SUPPLIED DATA:
= = = = =
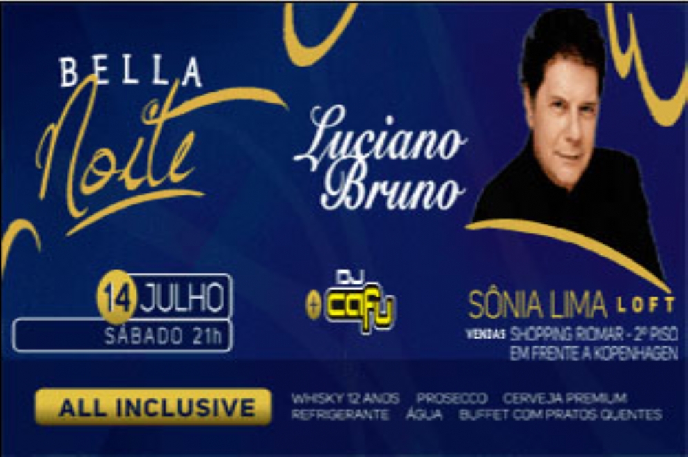 A Bella Noite, festa all inclusive que acontece no dia 14 de julho, trará o cantor Luciano Bruno. A festa, regada à música italiana, whiky 12 anos, refrigerante, prosecco, cerveja premium, e buffet com pratos quentes, será realizada no Sônia Lima Loft.
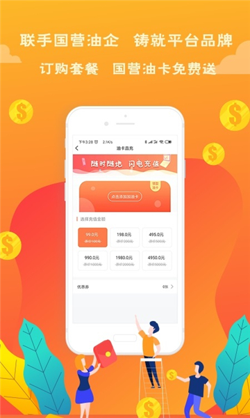 送油卡加油是一款专门为汽车车主所提供的加油服务软件,让我们大家可以享受着更多的优惠,当你加油的时候,你就可以及时的打开这款软件来领取惠券,能够为我们大家节省金钱,再也不用为油价高、油耗高的问题而烦心,使用app为你解决自驾出行后顾之忧,还能选择性开通中国石油加油卡,在任意一家中国石油公司都可以使用加油卡;
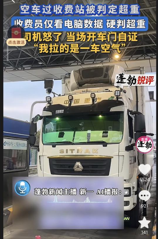 这么明目张胆!上海货车司机过收费站因超重被拦停,收费员态度强硬,不让解释判超载,谁料,司机打开车门,还真什么也没有,一车空气还能超重? 事情发生在3月26号,T上海的货车司机邱先生在经过收费站的时候被拦截了下来,收费员说电脑显示他的车超重了,于是要求他倒车。 邱先生立马说,我这个车是空车,里面什么也没拉,结果收费员态度非常强硬,并不听他的解释 看到收费员的这个态度,让邱先生非常的生气,于是他立马就把自己的车厢打开,让收费员睁大自己的眼睛,好好看一看到底有没有东西,事实上确实空无一物。 于是收费员拍照后才改变了态度,随即邱先生找到了收费站的负责人,要求收费员向他道歉。 这件事情看似简单的处理完了,实际上也是细思极恐。 明明货车上没有装一个物件,结果却显示超载,这说明收费站的设备有问题,但凡邱先生车上装了一点货,那就真的说不清了。 有的网友感慨这是发现了没发现的,这得挣多少呀? 还有的网友吐槽,收费站以诈骗为主,诈的一个是一个。这回也算是又出一成语——空车超载。 正确的做法是视频拍下记录,接着问它称准不准,接着问几次让它确认称准不准,接着叫它开发票,拿到发票付款,原地报警,留下报警回执,然后就可以去法院告它了
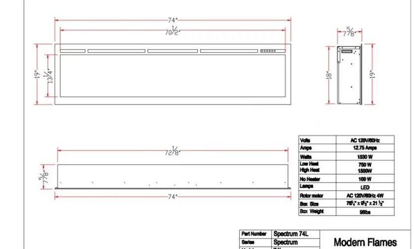 Modern Flames SLxx-B Spectrum Series Linear Built-In Electric Fireplace provides a simple, safe, and beautiful fireplace option for your home. The Spectrum Series creates a realistic flame pattern without the need for wood or gas by using high-efficiency LED technology. Three-stage lighting intensity allows you to set your fireplace to match the conditions of the room. A built-in design allows for easy incorporation into existing decor, while (12) customizable flame color options give even more visual control. An option 2-stage heater provides supplemental heat up to 450 square feet, and an easy-to-use remote control provides the finishing touch for a complete fireplace unit you’re sure to love!
= = = = =
In the listing above, find the line containing "送油卡加油是一款专门为汽车车" and restate it and every later line verbatim, with the pictures left out.

SOLUTION:
 送油卡加油是一款专门为汽车车主所提供的加油服务软件,让我们大家可以享受着更多的优惠,当你加油的时候,你就可以及时的打开这款软件来领取惠券,能够为我们大家节省金钱,再也不用为油价高、油耗高的问题而烦心,使用app为你解决自驾出行后顾之忧,还能选择性开通中国石油加油卡,在任意一家中国石油公司都可以使用加油卡;
 这么明目张胆!上海货车司机过收费站因超重被拦停,收费员态度强硬,不让解释判超载,谁料,司机打开车门,还真什么也没有,一车空气还能超重? 事情发生在3月26号,T上海的货车司机邱先生在经过收费站的时候被拦截了下来,收费员说电脑显示他的车超重了,于是要求他倒车。 邱先生立马说,我这个车是空车,里面什么也没拉,结果收费员态度非常强硬,并不听他的解释 看到收费员的这个态度,让邱先生非常的生气,于是他立马就把自己的车厢打开,让收费员睁大自己的眼睛,好好看一看到底有没有东西,事实上确实空无一物。 于是收费员拍照后才改变了态度,随即邱先生找到了收费站的负责人,要求收费员向他道歉。 这件事情看似简单的处理完了,实际上也是细思极恐。 明明货车上没有装一个物件,结果却显示超载,这说明收费站的设备有问题,但凡邱先生车上装了一点货,那就真的说不清了。 有的网友感慨这是发现了没发现的,这得挣多少呀? 还有的网友吐槽,收费站以诈骗为主,诈的一个是一个。这回也算是又出一成语——空车超载。 正确的做法是视频拍下记录,接着问它称准不准,接着问几次让它确认称准不准,接着叫它开发票,拿到发票付款,原地报警,留下报警回执,然后就可以去法院告它了
 Modern Flames SLxx-B Spectrum Series Linear Built-In Electric Fireplace provides a simple, safe, and beautiful fireplace option for your home. The Spectrum Series creates a realistic flame pattern without the need for wood or gas by using high-efficiency LED technology. Three-stage lighting intensity allows you to set your fireplace to match the conditions of the room. A built-in design allows for easy incorporation into existing decor, while (12) customizable flame color options give even more visual control. An option 2-stage heater provides supplemental heat up to 450 square feet, and an easy-to-use remote control provides the finishing touch for a complete fireplace unit you’re sure to love!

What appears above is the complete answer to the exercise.